Your task
All that should come back is the lines of the data below from the one containing "Grefus Lentiven Powerbank" to the one containing "近期,中國光伏行業協會秘書長", inclusive, exactly as they stand.

Supplied records

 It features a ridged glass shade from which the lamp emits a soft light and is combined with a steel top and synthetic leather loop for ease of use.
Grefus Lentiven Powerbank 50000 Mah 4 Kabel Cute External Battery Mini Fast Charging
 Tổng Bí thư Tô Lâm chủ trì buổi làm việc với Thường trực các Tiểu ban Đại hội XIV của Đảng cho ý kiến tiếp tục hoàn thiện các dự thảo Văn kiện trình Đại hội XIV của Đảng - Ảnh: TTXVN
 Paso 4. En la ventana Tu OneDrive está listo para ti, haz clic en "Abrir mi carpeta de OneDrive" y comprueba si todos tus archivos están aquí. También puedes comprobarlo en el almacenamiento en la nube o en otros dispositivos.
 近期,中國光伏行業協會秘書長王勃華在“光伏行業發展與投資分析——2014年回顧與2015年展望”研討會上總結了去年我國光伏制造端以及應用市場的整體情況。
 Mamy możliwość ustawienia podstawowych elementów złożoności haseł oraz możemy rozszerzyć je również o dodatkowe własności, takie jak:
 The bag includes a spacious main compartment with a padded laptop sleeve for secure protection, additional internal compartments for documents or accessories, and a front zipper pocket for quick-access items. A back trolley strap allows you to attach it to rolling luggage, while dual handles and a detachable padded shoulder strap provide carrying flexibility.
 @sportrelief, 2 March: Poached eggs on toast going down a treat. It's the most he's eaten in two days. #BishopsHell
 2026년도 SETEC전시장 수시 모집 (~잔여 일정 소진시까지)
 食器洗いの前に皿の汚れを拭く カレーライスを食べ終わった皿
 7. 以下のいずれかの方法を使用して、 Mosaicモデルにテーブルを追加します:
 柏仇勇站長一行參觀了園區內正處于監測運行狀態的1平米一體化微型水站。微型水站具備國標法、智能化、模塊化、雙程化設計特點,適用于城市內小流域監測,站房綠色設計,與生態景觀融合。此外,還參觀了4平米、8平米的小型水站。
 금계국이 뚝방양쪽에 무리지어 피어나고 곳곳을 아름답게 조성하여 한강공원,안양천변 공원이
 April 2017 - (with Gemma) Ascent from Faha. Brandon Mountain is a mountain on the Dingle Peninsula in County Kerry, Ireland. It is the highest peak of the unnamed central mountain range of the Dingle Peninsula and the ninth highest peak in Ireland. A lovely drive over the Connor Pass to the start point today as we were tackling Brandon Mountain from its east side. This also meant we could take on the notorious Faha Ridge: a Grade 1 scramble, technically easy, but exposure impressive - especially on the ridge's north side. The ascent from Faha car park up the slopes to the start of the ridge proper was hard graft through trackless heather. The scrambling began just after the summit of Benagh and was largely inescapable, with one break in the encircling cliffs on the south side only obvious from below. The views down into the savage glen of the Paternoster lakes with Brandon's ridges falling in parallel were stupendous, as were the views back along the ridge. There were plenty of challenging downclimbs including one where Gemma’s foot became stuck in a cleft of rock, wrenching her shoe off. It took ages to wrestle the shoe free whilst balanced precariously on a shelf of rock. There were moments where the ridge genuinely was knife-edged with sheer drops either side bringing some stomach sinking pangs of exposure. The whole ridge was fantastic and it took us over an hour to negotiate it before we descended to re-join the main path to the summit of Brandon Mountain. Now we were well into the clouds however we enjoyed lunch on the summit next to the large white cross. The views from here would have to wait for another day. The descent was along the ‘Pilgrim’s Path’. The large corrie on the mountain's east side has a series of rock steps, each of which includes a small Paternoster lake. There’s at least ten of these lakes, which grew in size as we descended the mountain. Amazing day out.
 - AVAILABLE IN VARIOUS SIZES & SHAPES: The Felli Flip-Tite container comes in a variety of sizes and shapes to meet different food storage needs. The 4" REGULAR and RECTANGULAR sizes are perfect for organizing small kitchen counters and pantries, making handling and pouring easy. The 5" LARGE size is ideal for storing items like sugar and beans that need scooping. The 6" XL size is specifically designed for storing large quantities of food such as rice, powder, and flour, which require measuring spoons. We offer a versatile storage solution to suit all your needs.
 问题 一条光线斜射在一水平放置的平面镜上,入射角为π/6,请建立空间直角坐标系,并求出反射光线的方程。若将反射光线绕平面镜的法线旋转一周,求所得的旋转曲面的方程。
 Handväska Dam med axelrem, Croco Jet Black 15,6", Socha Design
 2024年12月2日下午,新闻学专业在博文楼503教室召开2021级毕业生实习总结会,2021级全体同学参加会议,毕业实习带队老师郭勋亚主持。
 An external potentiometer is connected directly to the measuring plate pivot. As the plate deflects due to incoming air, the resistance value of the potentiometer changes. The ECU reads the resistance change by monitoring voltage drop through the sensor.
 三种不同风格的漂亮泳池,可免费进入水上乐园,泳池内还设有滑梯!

Exercise output
Grefus Lentiven Powerbank 50000 Mah 4 Kabel Cute External Battery Mini Fast Charging
 Tổng Bí thư Tô Lâm chủ trì buổi làm việc với Thường trực các Tiểu ban Đại hội XIV của Đảng cho ý kiến tiếp tục hoàn thiện các dự thảo Văn kiện trình Đại hội XIV của Đảng - Ảnh: TTXVN
 Paso 4. En la ventana Tu OneDrive está listo para ti, haz clic en "Abrir mi carpeta de OneDrive" y comprueba si todos tus archivos están aquí. También puedes comprobarlo en el almacenamiento en la nube o en otros dispositivos.
 近期,中國光伏行業協會秘書長王勃華在“光伏行業發展與投資分析——2014年回顧與2015年展望”研討會上總結了去年我國光伏制造端以及應用市場的整體情況。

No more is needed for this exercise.